● **Dataset extract**
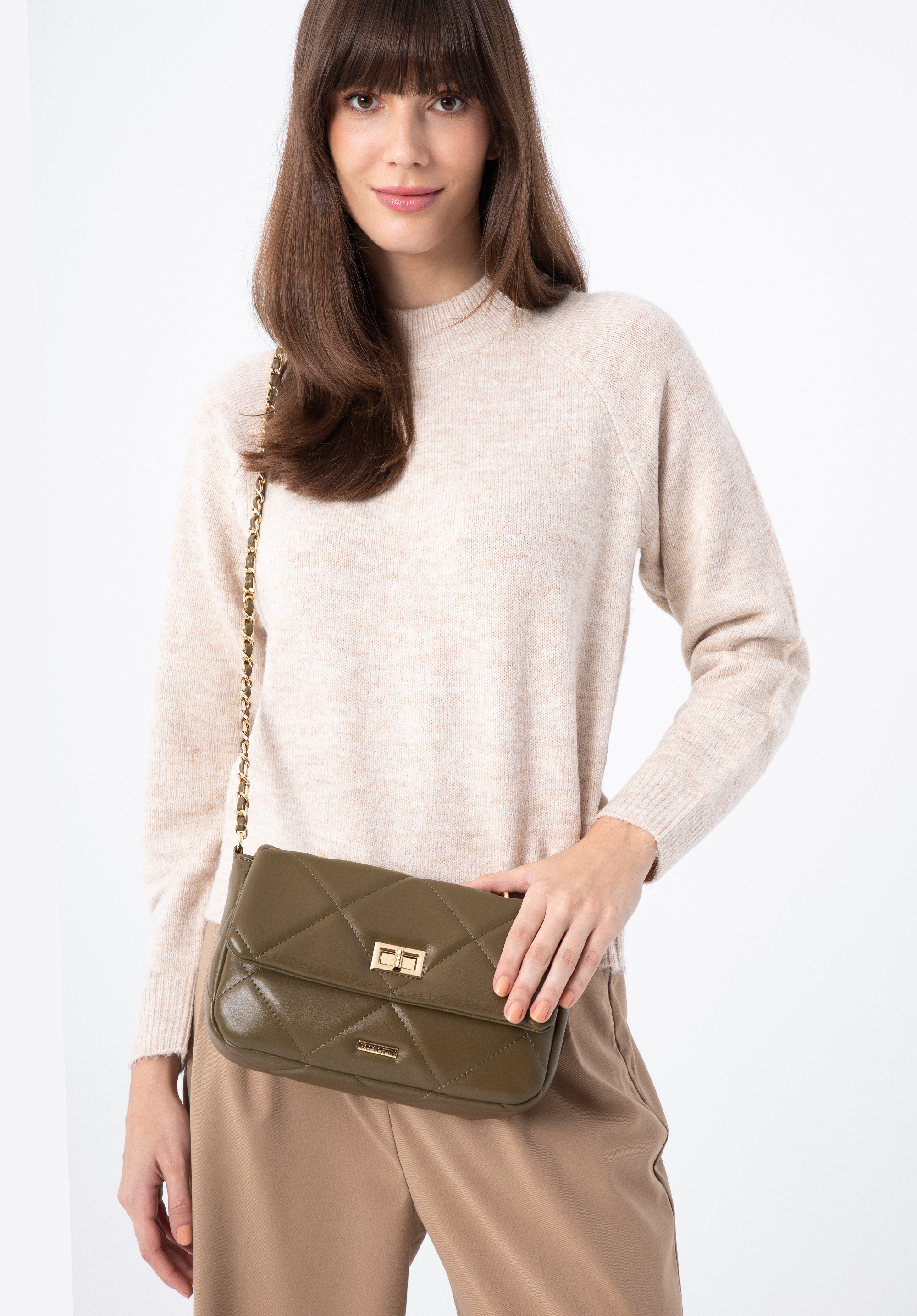 Ez a stílusos kézitáska minden olyan nő számára vonzó lesz, aki szereti a klasszikus stílust. Ez a kellemes tapintású női kézitáska tökéletes kiegészítő mindennapi használatra. Műbőrből készült, steppelt dizájn díszíti. Viseld farmerrel és kabáttal vagy kedvenc kis fekete ruháddal – mindennel jól fog mutatni. Ebben a kiegészítőben elfér mobiltelefon, pénztárca, kis naptár, kézkrém és egyéb apróságok. Ez a kis steppelt táska remek választás minden elegáns nő számára.
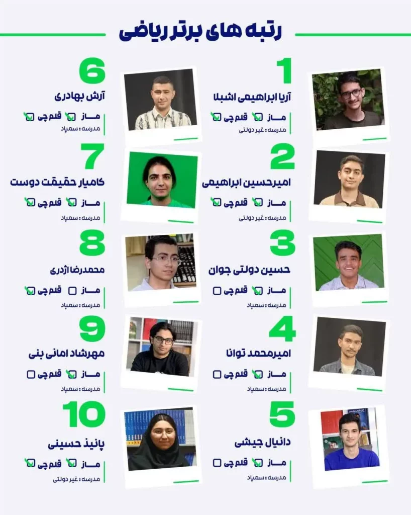 رتبه برترهای رشته ریاضی کنکور ۱۴۰۴ که به ماز اعتماد کردند.
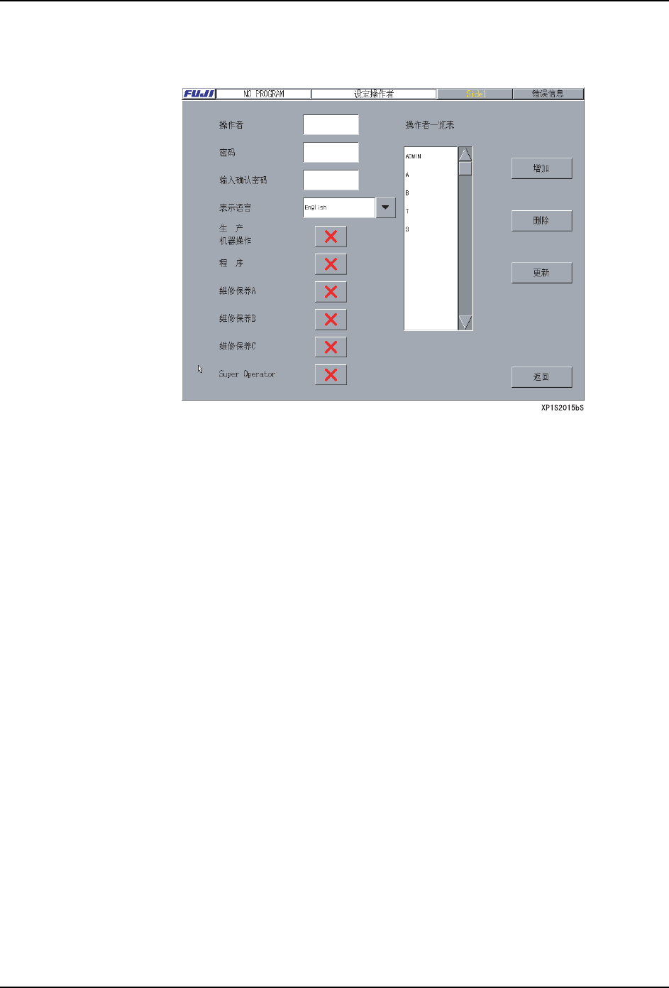 机器启动时增加的操作者名会显示在操作者一览表中。有关操作者的客户化请参阅以后的
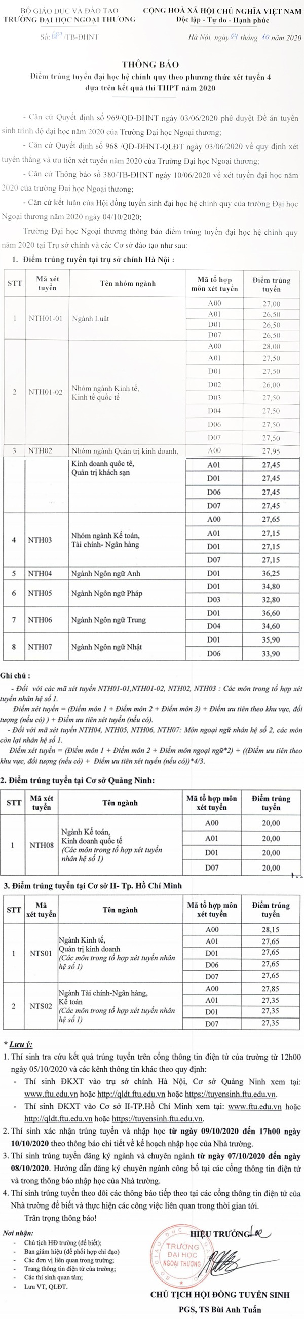 Điểm chuẩn năm 2020 của Trường Đại học Ngoại thương
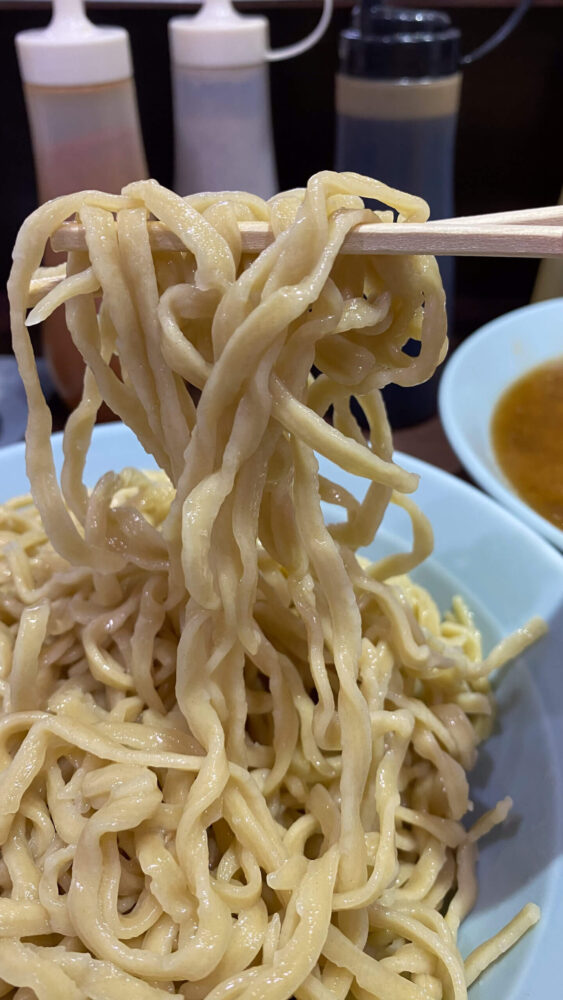 ▲麺は水に締められてパキポキ食感。そのまま食べても美味しいです。
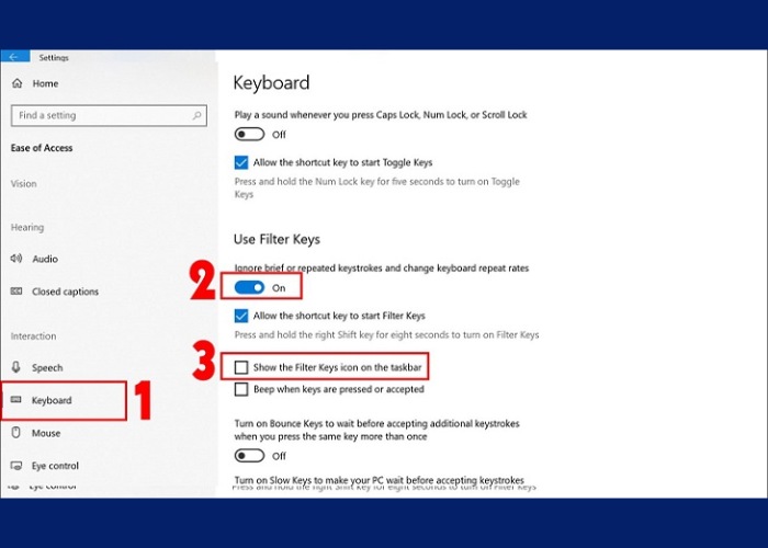 Bước 4: Ở phần "Use Filter Keys", bật chức năng "Ignore brief or repeated keystrokes and change keyboard repeat rates" lên.
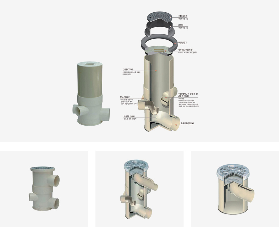 유입부 원형구조로D100m/m의 45° 각도(곡관 절감 및 90°관막힘예방)로 3방향 유입 및150m/m 1방향 유출이 가능한 구조
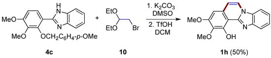 A two-step synthesis first involving the N-alkylation of 2-arylbenzimidazole 4c with bromoacetaldehyde diethyl acetal 10 and then the triflic acid-catalyzed intramolecular cyclization/deprotection of the phenolic hydroxy group allows the formation of benzimidazo[2,1-a]isoquinoline 1h in a moderate yield (50%; Figure 9), as described by Takagi et al. [21]. As clarified by the authors, this same reaction cannot be achieved using concentrated HCl.
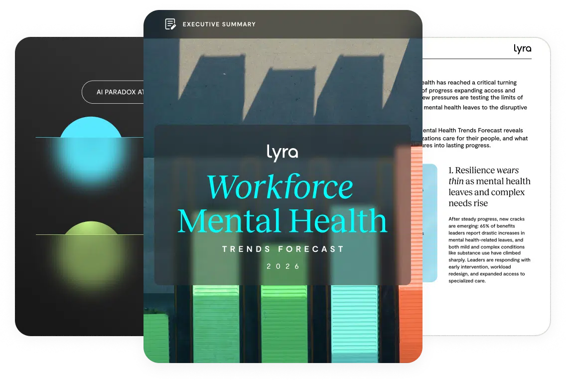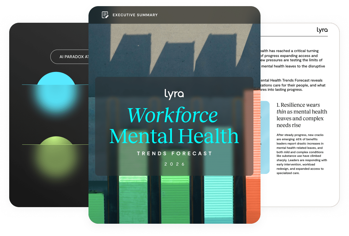 This executive summary of Lyra’s 2026 Workforce Mental Health Trends Forecast, based on insights from 500 HR and benefits leaders, reveals the six forces reshaping how organizations care for their people—and what it will take to turn today’s pressures into lasting progress..
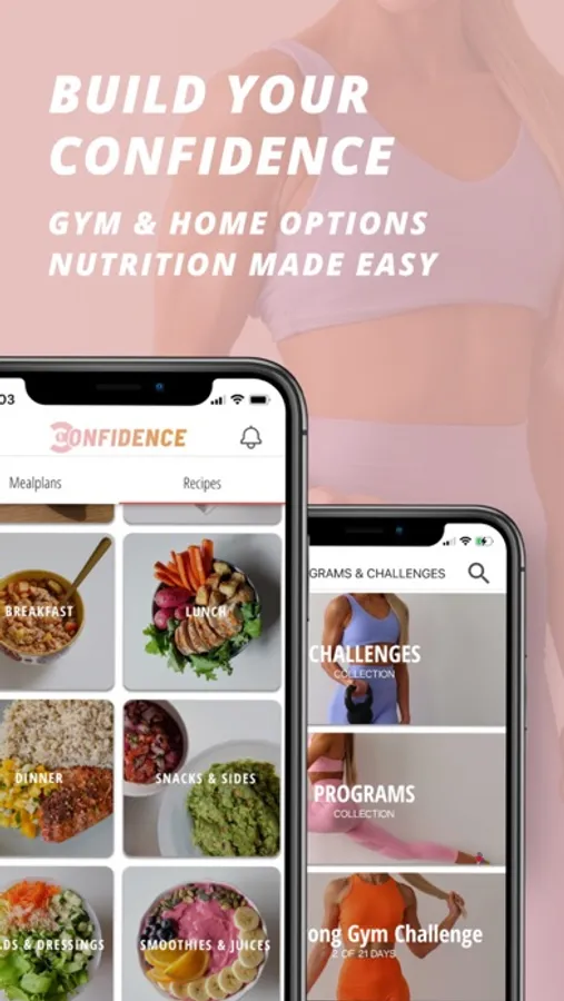 Start with a endless selection of daily workouts or pick from one of our many Programs & Challenges to help you progress in your fitness journey. The Confidence programs will guide you through a structured workout routine everyday to develop a strong physique.

● **Action item**
Every line of the data above should be repeated exactly. Omit the pictures.

● **Written reply**
 Ez a stílusos kézitáska minden olyan nő számára vonzó lesz, aki szereti a klasszikus stílust. Ez a kellemes tapintású női kézitáska tökéletes kiegészítő mindennapi használatra. Műbőrből készült, steppelt dizájn díszíti. Viseld farmerrel és kabáttal vagy kedvenc kis fekete ruháddal – mindennel jól fog mutatni. Ebben a kiegészítőben elfér mobiltelefon, pénztárca, kis naptár, kézkrém és egyéb apróságok. Ez a kis steppelt táska remek választás minden elegáns nő számára.
 رتبه برترهای رشته ریاضی کنکور ۱۴۰۴ که به ماز اعتماد کردند.
 机器启动时增加的操作者名会显示在操作者一览表中。有关操作者的客户化请参阅以后的
 Điểm chuẩn năm 2020 của Trường Đại học Ngoại thương
 ▲麺は水に締められてパキポキ食感。そのまま食べても美味しいです。
 Bước 4: Ở phần "Use Filter Keys", bật chức năng "Ignore brief or repeated keystrokes and change keyboard repeat rates" lên.
 유입부 원형구조로D100m/m의 45° 각도(곡관 절감 및 90°관막힘예방)로 3방향 유입 및150m/m 1방향 유출이 가능한 구조
 A two-step synthesis first involving the N-alkylation of 2-arylbenzimidazole 4c with bromoacetaldehyde diethyl acetal 10 and then the triflic acid-catalyzed intramolecular cyclization/deprotection of the phenolic hydroxy group allows the formation of benzimidazo[2,1-a]isoquinoline 1h in a moderate yield (50%; Figure 9), as described by Takagi et al. [21]. As clarified by the authors, this same reaction cannot be achieved using concentrated HCl.
 This executive summary of Lyra’s 2026 Workforce Mental Health Trends Forecast, based on insights from 500 HR and benefits leaders, reveals the six forces reshaping how organizations care for their people—and what it will take to turn today’s pressures into lasting progress..
 Start with a endless selection of daily workouts or pick from one of our many Programs & Challenges to help you progress in your fitness journey. The Confidence programs will guide you through a structured workout routine everyday to develop a strong physique.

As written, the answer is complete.